Immunohistochemistry (IHC)
Tissue chip slides (ZL-BRM961, SUPERBIOTEK, Shanghai, China), which contained primary breast cancers each paired with a metastatic tumor in a lymph node (n=36), were deparaffinized in xylene and rehydrated in graded alcohol solution, followed by treatment with 3% H2O2 to quench the endogenous peroxidase for 15 min and 1% BSA for 1 h at room temperature to block the potential nonspecific binding. The slides were then incubated with primary monoclonal antibody against SOX4 (Cat# GR264610-1, Abcam, Cambridge, UK) or CXCR7 (Cat#GR245543-1, Abcam) overnight at 4 °C prior to incubation with biotinylated secondary antibody for 20 min at room temperature.

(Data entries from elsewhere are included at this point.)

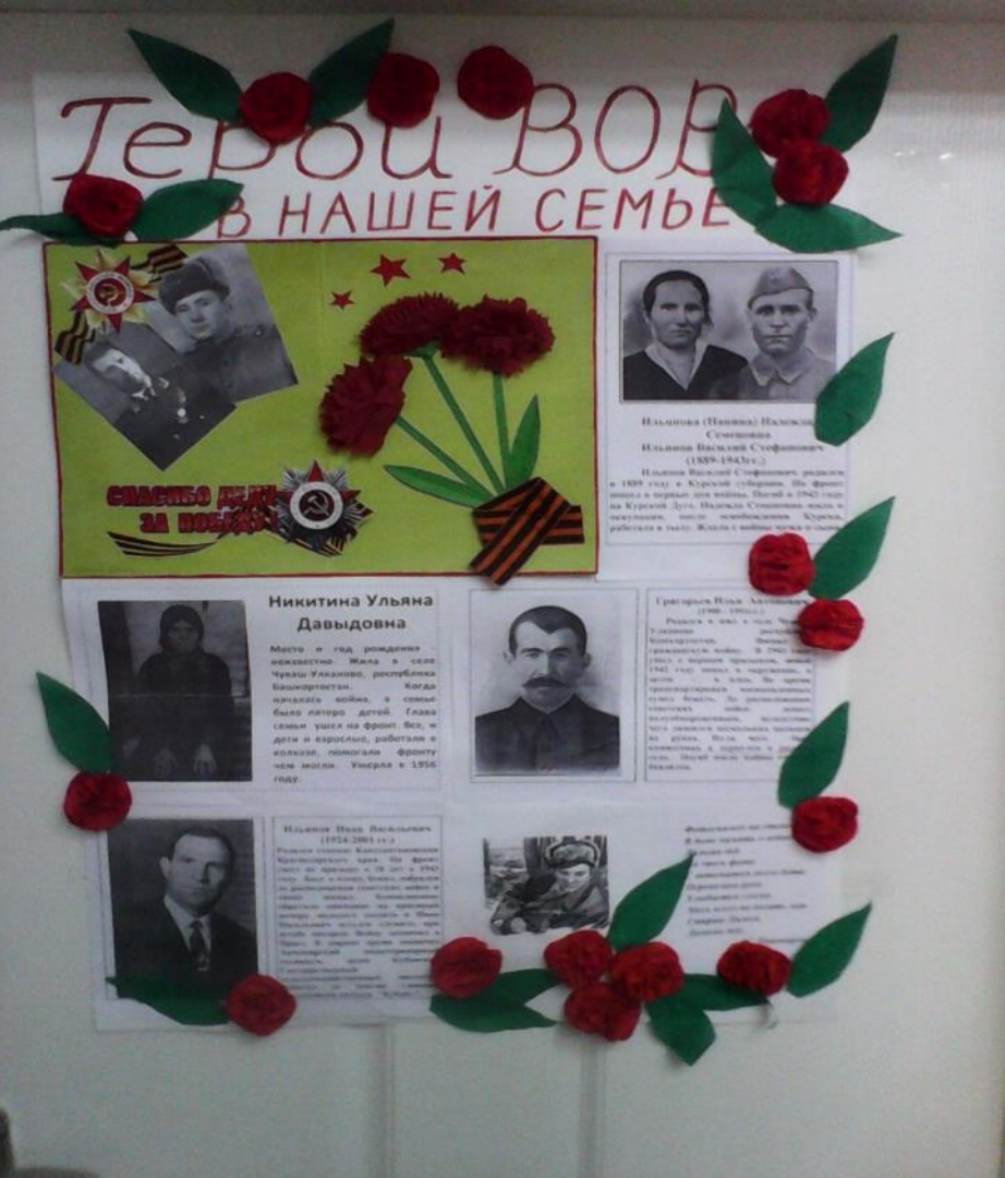
Фотовыставка «Герои ВОВ в нашей семье»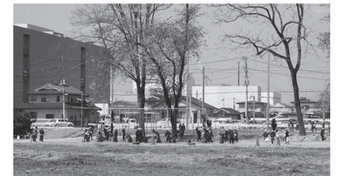
見晴らしが良くなった仮設校舎跡地

第一小学校仮設校舎解体工事が4月22日(火)に終了しました。まだ荒整地ですので子どもたちは使用できませんが、校庭が広々と見晴らしがよくなりました。校庭造成工事の開始が楽しみです。新しい校庭には、これまでのような遊具はもちろん、花壇やビオトープ、畑のスペースなども計画されています。南西の角には小さな丘を作り、起伏のあるランニングコースとして利用したり、加速体験や雪が降ればそり遊びなどもできるようになります。現在の桜などはトラックと重なりますので撤去されますが、周囲には、ほどよい木陰を作る樹木が植えられます。エコスクールとして以前のような緑豊かな環境の学校にしていきたいと思っています。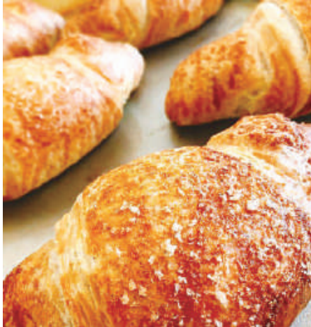
オーブントースターで1~2分温めると、香ばしさがアップ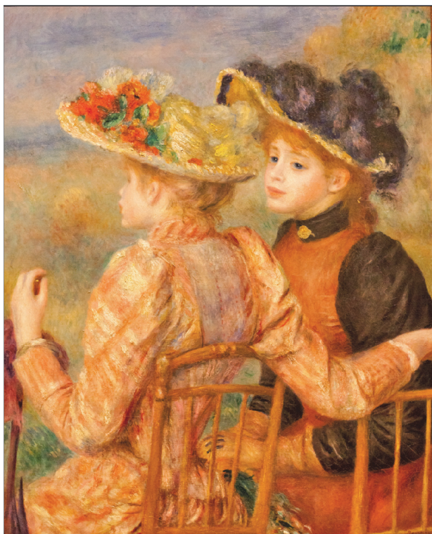
Pierre-Auguste Renoir Dwoje dziewcząt , 1892 r. olej na płótnie Muzeum Sztuki, Filadelfia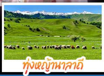
ทุ่งหญ้านาดาลี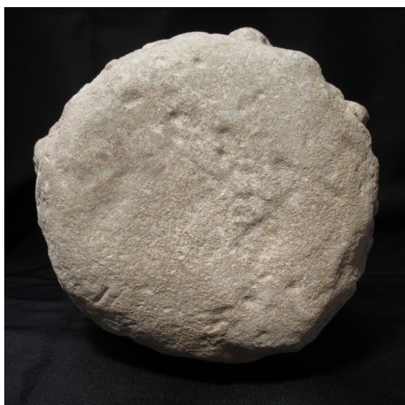
Fig. 20. Vista de la cara inferior lisa del capitel, que estaría en contacto con el sumoscapo del fuste. (Museo de Huesca)

En función de sus características formales, este capitel puede clasificarse como de orden compuesto dado que cuenta con ábaco, equino, volutas bajo las aristas, astrágalo y cálatos organizado en dos órdenes o coronas de hojas de acanto provistas en su interior de decoraciones en relieve, siguiendo un esquema compositivo muy similar al de numerosos ejemplares de época taifa plena de la Aljafería de Zaragoza (Marinetti, 1990: 152-155; Cabañero, 2020: figs. 128, 129, 139, 151-155 y 158-163).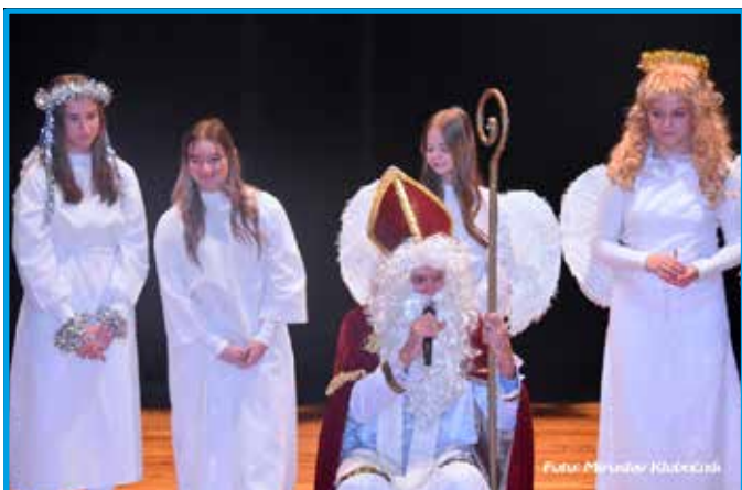
Stretnutie s Mikulášom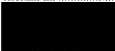
Mgr. Milan Lúčka starosta města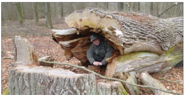
Træet til herover har engang stået på markerne ved den nu forsvundne landsby Ostrup.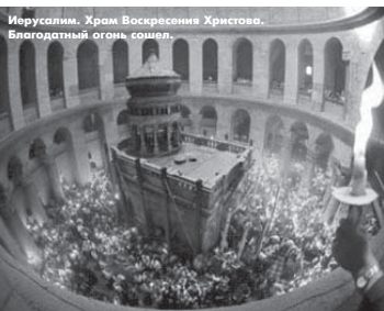
Иерусалим. Храм Воскресения Христова. Благодатный огонь сошел.

Православный не ищет на земле рая. На этой земле Христа распяли. Православный радостен и светел, в день Пасхи он вновь чувствует, что дом его не здесь, что есть иная жизнь, что мы пока в гостях и нашего нам еще не дали. Митрополит Вениамин (Федченков) в одной из проповедей на Пасху вспоминал Колумба и его команду.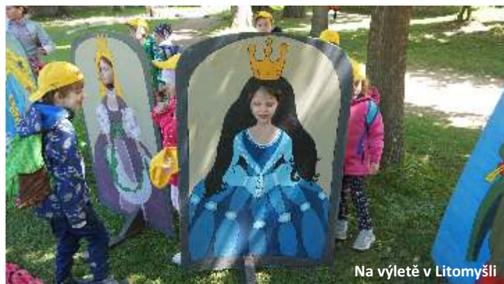
Na výletě v Litomyšli

Mohlo by se zdát, že tím jsme školní rok zakončili. Ale to by byl omyl! Na děti čekala ještě dvě překvapení. Prvním byl výšlap do Dobříkova na jubilejní 20. ročník akce „Dobza“. A když jubilejní, tak s velkou parádou ve stylu párty! Děti i dospěláci nás uvítali na nazdobené zahradě. Jen co jsme se po dlouhé cestě posilnili, čekal nás společný tanec. Po rozdělení do družstev si děti na jednotlivých stanovištích postupně vyráběly parádní „placky“ s nápisem “MŠ Dobříkov, MŠ Zámrsk 2025, 20 let spolu“, zdobily nafouknuté balóny a slavnostní dorty, zdolávaly překážkovou dráhu pártý čepičkou a házely na cíl.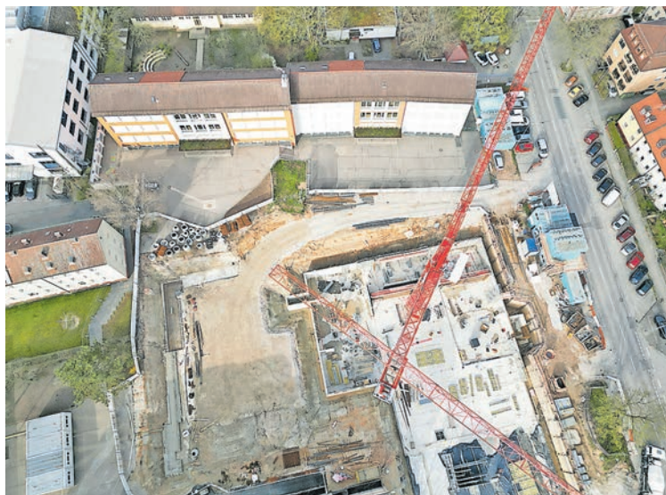
Weil der Erweiterungsbau an der Helmschule erst 2025 fertig ist, finden dort derzeit zusätzliche Klassen keinen Platz.

Parallel wird die Johannes-Helm-Grundschule nach den Ergebnissen der Schuleinschreibung im Schuljahr 2023/2024 auf 20 Klassen wachsen, die im Schulhaus nicht komplett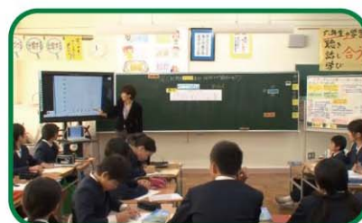
【小学校6年・算数】 比例と反比例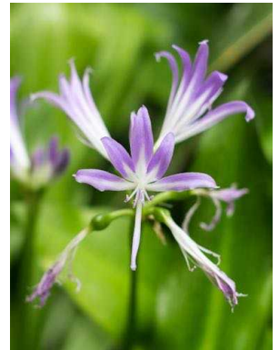
7 Griffinia paubrasilica AMARYLLIDACEAE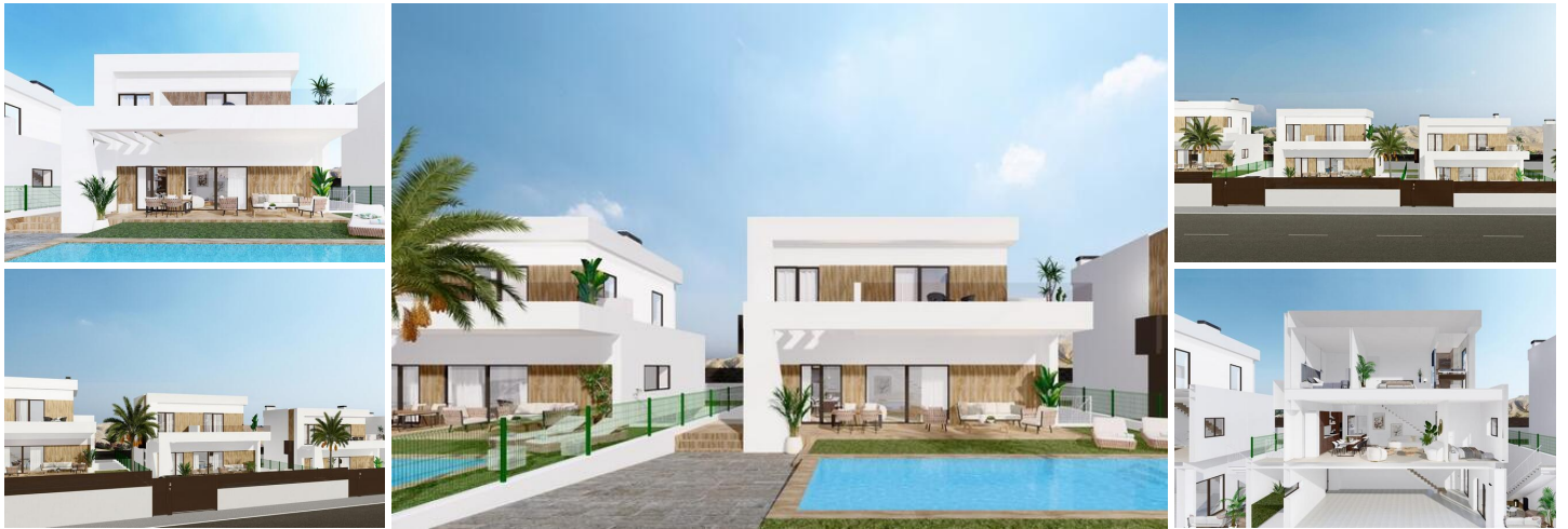
NEU GEBaute VILLEN IN FINESTRAT

Wohnanlage von modernen Villen wurde sorgfältig entworfen, um die Schönheit der Sierra Cortina und das Mittelmeer in jeder Ecke zu erfassen.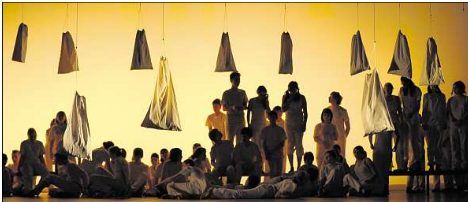
AUFBRUCH: Wie in der Morgendämmerung bewegen sich die „Grenztänzer“ im dritten, letzten Teil der Aufführung – und gehen einen neuen Weg.

TA-Internetservice: http://grenztaenzer.de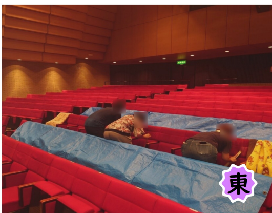
▲熊谷市立文化センター文化会館様

次回は8月の開催を予定しています。「こういうケースではどうしてるの?」「こうしたんだけど合ってたかな?」というような具体的なエピソードをもとに意見交換がなされるよう、少しでも支援機関の皆さんのお役に立てるよう、これからも継続して取り組んでゆきたいと考えています。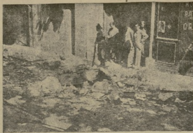
Estado en que quedó la calle frente a la Asociación de Dependientes, después del bombardeo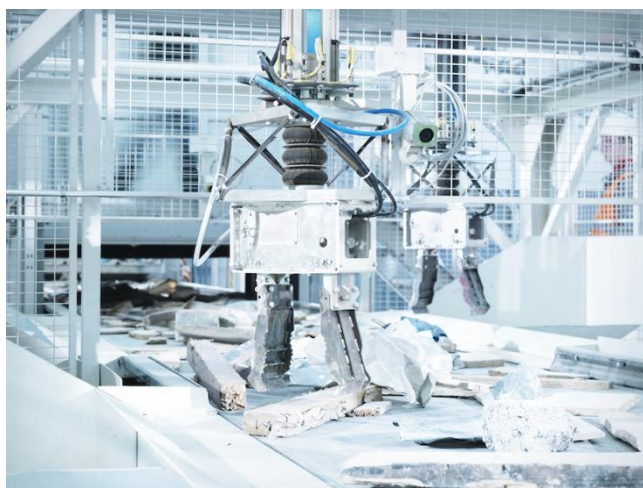
【ゼンロボティクス製品写真】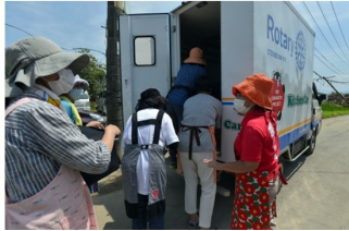
キッチンカーを走らせながら被災者へ地域の状況をお聞きしているところ(日に日に変化する支援の在り方)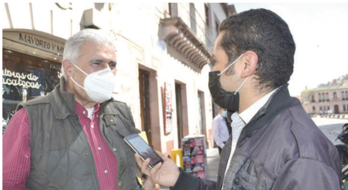
José Narro Céspedes, senador de la República: “Es profundamente lamentable que, con todo lo que está pasando, no se haga nada”

* “Está Paralizada la Economía y ha Ahuyentado al Turismo”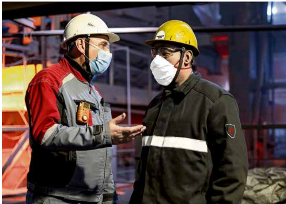
▲ Аглофабрика традиционно была одним из самых пыльных производств комбината. Новая система фильтрации вскоре снимет этот вопрос с повестки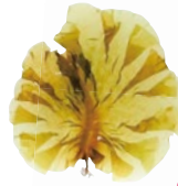
ヒロメ 標本 国立科学博物館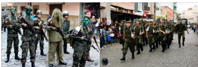
Figura 16 - Dia da Independência.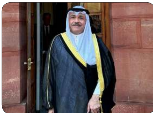
سفير دوله الكويت لدى الهند مشعل الشمالي

نيودلهي - "كونا": أعرب سفير دولة الكويت لدى الهند مشعل الشمالي عن أمله في أن تشهد العلاقات الهندية - الكويتية ازدهاراً في الفترة الجديدة لحكومة رئيس الوزراء الهندي ناريندرا مودي. وجاء ذلك في تصريح أدلى به السفير الشمالي لـ "كونا" عقب مشاركته في احتفالات أداء رئيس الوزراء الهندي اليمين

Finally, the slides were treated with avidin-biotin complex reagent and stained with 3, 3 -diaminobenzidine according to manufacturer's protocol. Staining results were analyzed for the staining intensity as well as the percentage of positive cells. The staining intensity was scored 0 point for no obvious coloring, 1 point for mild, 2 points for moderate, or 3 points for strong. The percentage of positive cells for each slide was calculated from 3 different microscopic fields (200x) and was scored as follows: 0 to 5 %, 0 point; 6 % to 25 %, 1 point; 26 % to 50 %, 2 points; 51 % to 75%, 3 points; and> 75%, 4 points. The overall score was the sum of the staining intensity and the percentage of positive cells: 0, negative; 2 to 3, weakly positive; 4 to 5, moderate; and 6 to 7, strongly positive.
Tumor xenograft
Six-week-old male mice with severe combined immunodeficiency (SCID) were obtained from Jackson Laboratory (Bar Harbor, ME, USA). Cells (5 x 106) expressing luciferase were injected into the left mammary fat pad of each mouse. The tumors were examined weekly using bioluminescent imaging after intraperitoneal injection of 150 mg/kg D-luciferin (Caliper LifeSciences, Hopkinton, MA, USA). The length (a) and width (b) of the tumors were also recorded every week. The tumor volume was calculated by the formula of V = ab2/2 mm3. In the study of metastasis, tumors were removed when their sizes exceeded 2 cm x 2 cm. Metastasis was followed by bioluminescent imaging. By the end of the 16th week, mice were euthanized, dissected and examined for organ metastases. In the study of resistance to paclitaxel, 3 weeks after cell injection, i.e., day 0 of treatment, the tumor-bearing mice were administered with paclitaxel at a dose of 10 mg/kg or the same volume of phosphate buffered saline (PBS). The treatment was repeated at day 7 and the tumors were examined using bioluminescent imaging at day 14.